Stored dataset items:
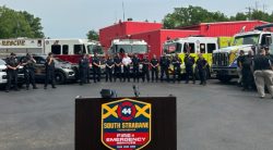 The South Strabane Fire Department and Pennsylvania State Police hosted an educational presentation bringing attention to the Move Over law that drivers must respect when they approach a disabled vehicle or first response vehicle with its emergency lights illuminated. According to Pennsylvania State Trooper Forrest Allison, when a driver encounters an emergency vehicle on a highway, drivers are to move to a non adjacent lane away from the vehicle. If that is not possible, drivers are to slow down to a speed of no less than 20 mph below the posted speed limit. According to Allison first offense fines begin at $250. Subsequent fines could reach $2000 with a drivers license suspension. A $10,000 fine is possible if a driver or first responder is killed by a speeding driver in an accident zone. South Strabane Township Fire Chief Jordan Cramer spoke of the need for the law’s adherence also. His department experienced a situation last month where the department’s ladder truck was on the scene of an accident on Interstate 70 and was struck by a speeding driver that ignored that Move Over law. Cramer also introduced a new safety device that will be installed on all South Strabane Twp. vehicles. The HAAS Alert device will send electronic notices to drivers up to a half mile away of emergency vehicles working ahead so that they may slow down to safely navigate the scene. The device works on Apple Maps and the Waze App. Developers are looking to get it included on Google Maps. In a gesture of support, Larry Winter, President of South Hills Chrysler, Dodge, Jeep, Ram and Kia, has offered to pay for the maintenance costs for the system for South Strabane Township, North Strabane Township and Cecil Township for the next five years. According to Winter, his wife was the impetus for the donation. She heard about the fire truck accident and insisted that they try and do something to help. Only later did they both learn that their son was directly involved with the accident.
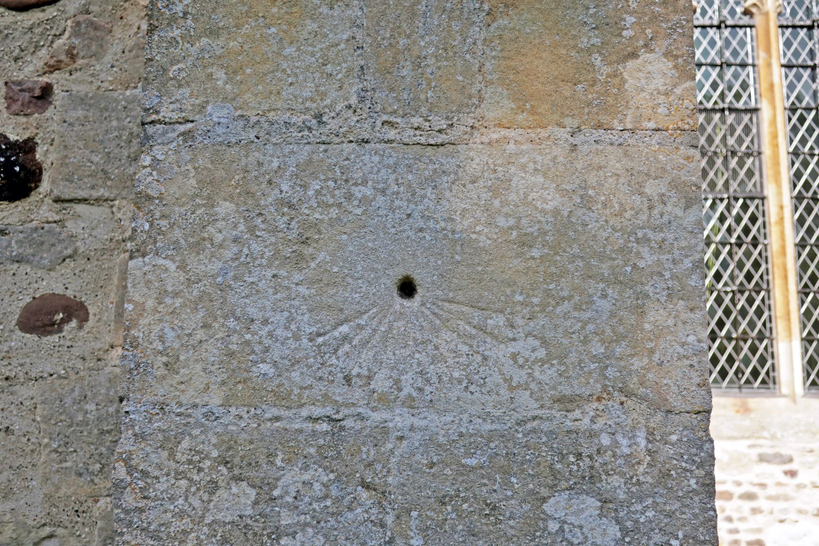 A sundial on a buttress at the eastern end of the southern aisle. The aisle was built in the late 1400's, with the buttresses being added about 1500. More specifically this is a "Mass Dial", a scratch sundial placed on the south wall of a church as an event marker for daily church services rather than an actual time piece. Due to the long lost gnomon (the bit that casts the shadow which would have been placed in the hole) being horizontal it would not have recorded the same time through the year as the sun moved across the seasons, but the time proportionally through the day.
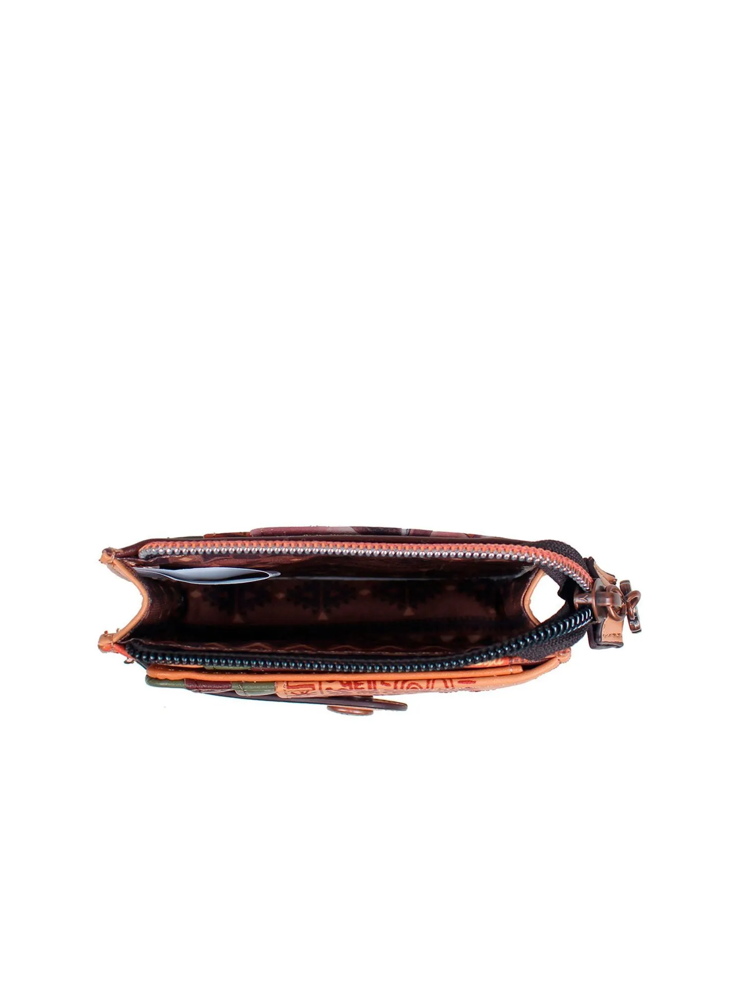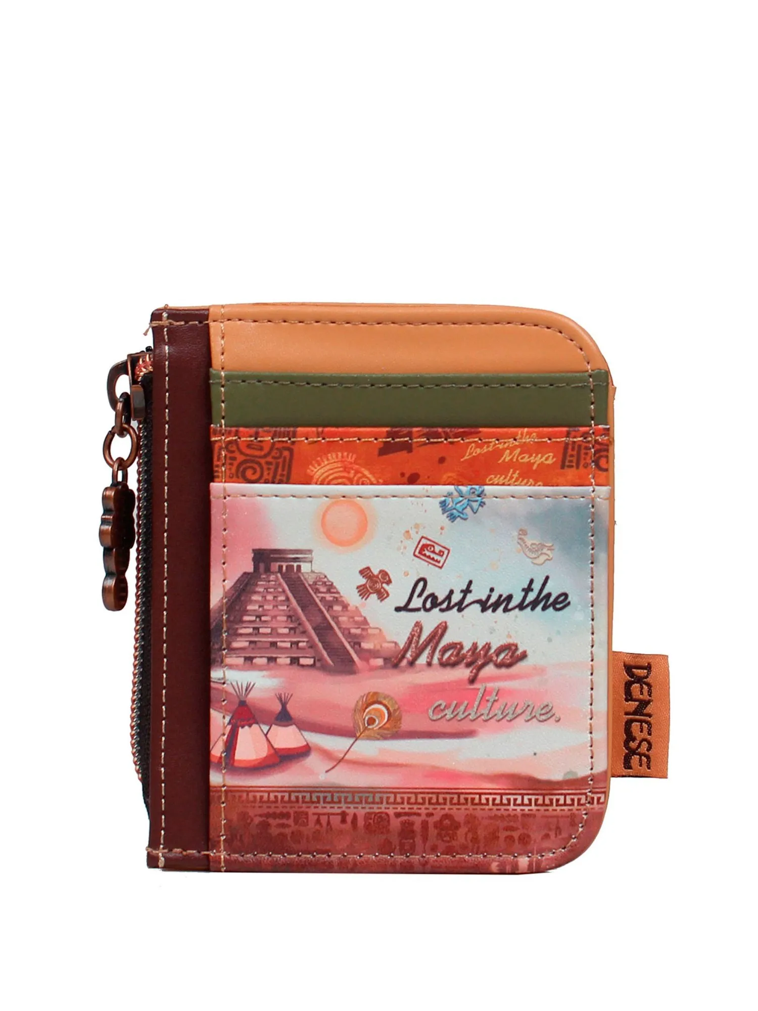 Окунитесь в мир тайн майя с этой многофункциональной кредитницей, где каждая деталь пропитана наследием древней цивилизации! Модель украшена фирменным принтом с загадочными символами майя и вышивкой. С одной стороны, три удобных кармана для карт надёжно закрываются хлястиком на магнитной кнопке, а внутри вас ждут три слота для карт и отделение с прозрачным окошком для пропуска или фотографии. С другой стороны расположены ещё три отделения для карт, обеспечивая максимальную вместительность. В центральном отделении под молнией можно хранить купюры, сложенные пополам, монеты или даже небольшие ключи, а с боковых сторон от него — два дополнительных кармана для мелочей. Несмотря на компактный размер, этот мини кошелёк легко заменяет полноценный аксессуар, предлагая продуманную организацию пространства. Поставляется в фирменной подарочной коробке, что делает его идеальным презентом для близких или изысканным дополнением к вашему образу. Идеальный выбор для тех, кто ценит историю, практичность и загадочность в каждой детали.
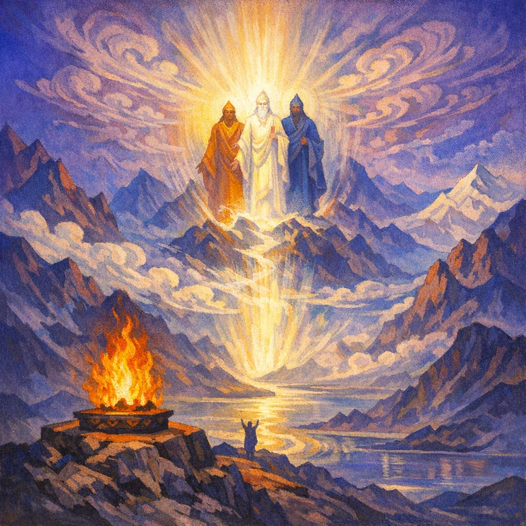 May the vast support of the Three be ours— the shining strength of Mitra and Aryaman, and the unassailable might of Varuṇa—so our life may stand in the clear order of the Truth.
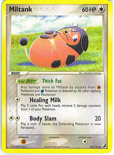 Type | Colorless | Pokemon serie | Unseen Forces | Stadie | Basic | HP | 60 | Sjældenhed | Uncommon | Tilbagetrækning | 1 | Svaghed | F | Kortnummer | 42 | Evne | [C] Healing Milk - Flip 2 coins. For each heads, remove 2 damage counters from 1 of your Pokemon. [CC] Body Slam (20) Flip a coin. If heads, the Defending Pokemon is now Paralyzed. | Evne2 | [C] Healing Milk - Flip 2 coins. For each heads, remove 2 damage counters from 1 of your Pokemon. [CC] Body Slam (20) Flip a coin. If heads, the Defending Pokemon is now Paralyzed. | Kunstner | Tomokazu Komiya |
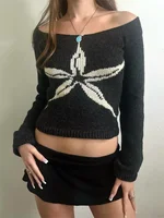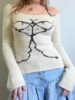 Women’s Off Shoulder Sweater Slim Graphic Print Long Sleeve Knit Tops Vintage Streetwear
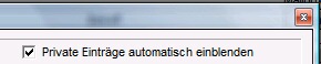 Hinweis: Wenn Sie die Variante 1 (Private Einträge automatisch einblenden) aktiviert haben, ist zugleich auch die Variante 2 in den Optionen aktiv. Sie können aber trotzdem die privaten Einträge wieder ausblenden, indem Sie diese Funktion (bis zum nächsten Start von com(organize)) wieder deaktivieren.
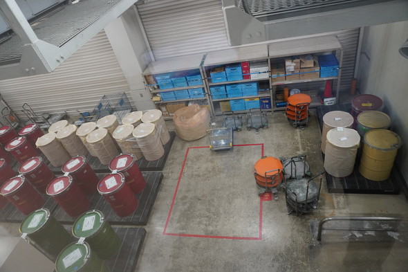 太陽ホールディングス 社長室 広報/ブランドマーケティング課の白鞘柚美氏は「原材料受け入れを行う部屋には、常温では化学反応が進んでしまう原料を保管する冷蔵庫も備えている。また、当社のソルダーレジストインキ製品は約300種類あり、手作業での原料管理は難しい。そこで、識別用バーコードを用いることにより、各ソルダーレジスト製品に適した原料を使えるようにしている」と話す。

» Task prompt: Without including any pictures, output each entry above exactly as it appears.

» Expected output:
 The South Strabane Fire Department and Pennsylvania State Police hosted an educational presentation bringing attention to the Move Over law that drivers must respect when they approach a disabled vehicle or first response vehicle with its emergency lights illuminated. According to Pennsylvania State Trooper Forrest Allison, when a driver encounters an emergency vehicle on a highway, drivers are to move to a non adjacent lane away from the vehicle. If that is not possible, drivers are to slow down to a speed of no less than 20 mph below the posted speed limit. According to Allison first offense fines begin at $250. Subsequent fines could reach $2000 with a drivers license suspension. A $10,000 fine is possible if a driver or first responder is killed by a speeding driver in an accident zone. South Strabane Township Fire Chief Jordan Cramer spoke of the need for the law’s adherence also. His department experienced a situation last month where the department’s ladder truck was on the scene of an accident on Interstate 70 and was struck by a speeding driver that ignored that Move Over law. Cramer also introduced a new safety device that will be installed on all South Strabane Twp. vehicles. The HAAS Alert device will send electronic notices to drivers up to a half mile away of emergency vehicles working ahead so that they may slow down to safely navigate the scene. The device works on Apple Maps and the Waze App. Developers are looking to get it included on Google Maps. In a gesture of support, Larry Winter, President of South Hills Chrysler, Dodge, Jeep, Ram and Kia, has offered to pay for the maintenance costs for the system for South Strabane Township, North Strabane Township and Cecil Township for the next five years. According to Winter, his wife was the impetus for the donation. She heard about the fire truck accident and insisted that they try and do something to help. Only later did they both learn that their son was directly involved with the accident.
 A sundial on a buttress at the eastern end of the southern aisle. The aisle was built in the late 1400's, with the buttresses being added about 1500. More specifically this is a "Mass Dial", a scratch sundial placed on the south wall of a church as an event marker for daily church services rather than an actual time piece. Due to the long lost gnomon (the bit that casts the shadow which would have been placed in the hole) being horizontal it would not have recorded the same time through the year as the sun moved across the seasons, but the time proportionally through the day.
 Окунитесь в мир тайн майя с этой многофункциональной кредитницей, где каждая деталь пропитана наследием древней цивилизации! Модель украшена фирменным принтом с загадочными символами майя и вышивкой. С одной стороны, три удобных кармана для карт надёжно закрываются хлястиком на магнитной кнопке, а внутри вас ждут три слота для карт и отделение с прозрачным окошком для пропуска или фотографии. С другой стороны расположены ещё три отделения для карт, обеспечивая максимальную вместительность. В центральном отделении под молнией можно хранить купюры, сложенные пополам, монеты или даже небольшие ключи, а с боковых сторон от него — два дополнительных кармана для мелочей. Несмотря на компактный размер, этот мини кошелёк легко заменяет полноценный аксессуар, предлагая продуманную организацию пространства. Поставляется в фирменной подарочной коробке, что делает его идеальным презентом для близких или изысканным дополнением к вашему образу. Идеальный выбор для тех, кто ценит историю, практичность и загадочность в каждой детали.
 May the vast support of the Three be ours— the shining strength of Mitra and Aryaman, and the unassailable might of Varuṇa—so our life may stand in the clear order of the Truth.
 Type | Colorless | Pokemon serie | Unseen Forces | Stadie | Basic | HP | 60 | Sjældenhed | Uncommon | Tilbagetrækning | 1 | Svaghed | F | Kortnummer | 42 | Evne | [C] Healing Milk - Flip 2 coins. For each heads, remove 2 damage counters from 1 of your Pokemon. [CC] Body Slam (20) Flip a coin. If heads, the Defending Pokemon is now Paralyzed. | Evne2 | [C] Healing Milk - Flip 2 coins. For each heads, remove 2 damage counters from 1 of your Pokemon. [CC] Body Slam (20) Flip a coin. If heads, the Defending Pokemon is now Paralyzed. | Kunstner | Tomokazu Komiya |
 Women’s Off Shoulder Sweater Slim Graphic Print Long Sleeve Knit Tops Vintage Streetwear
 Hinweis: Wenn Sie die Variante 1 (Private Einträge automatisch einblenden) aktiviert haben, ist zugleich auch die Variante 2 in den Optionen aktiv. Sie können aber trotzdem die privaten Einträge wieder ausblenden, indem Sie diese Funktion (bis zum nächsten Start von com(organize)) wieder deaktivieren.
 太陽ホールディングス 社長室 広報/ブランドマーケティング課の白鞘柚美氏は「原材料受け入れを行う部屋には、常温では化学反応が進んでしまう原料を保管する冷蔵庫も備えている。また、当社のソルダーレジストインキ製品は約300種類あり、手作業での原料管理は難しい。そこで、識別用バーコードを用いることにより、各ソルダーレジスト製品に適した原料を使えるようにしている」と話す。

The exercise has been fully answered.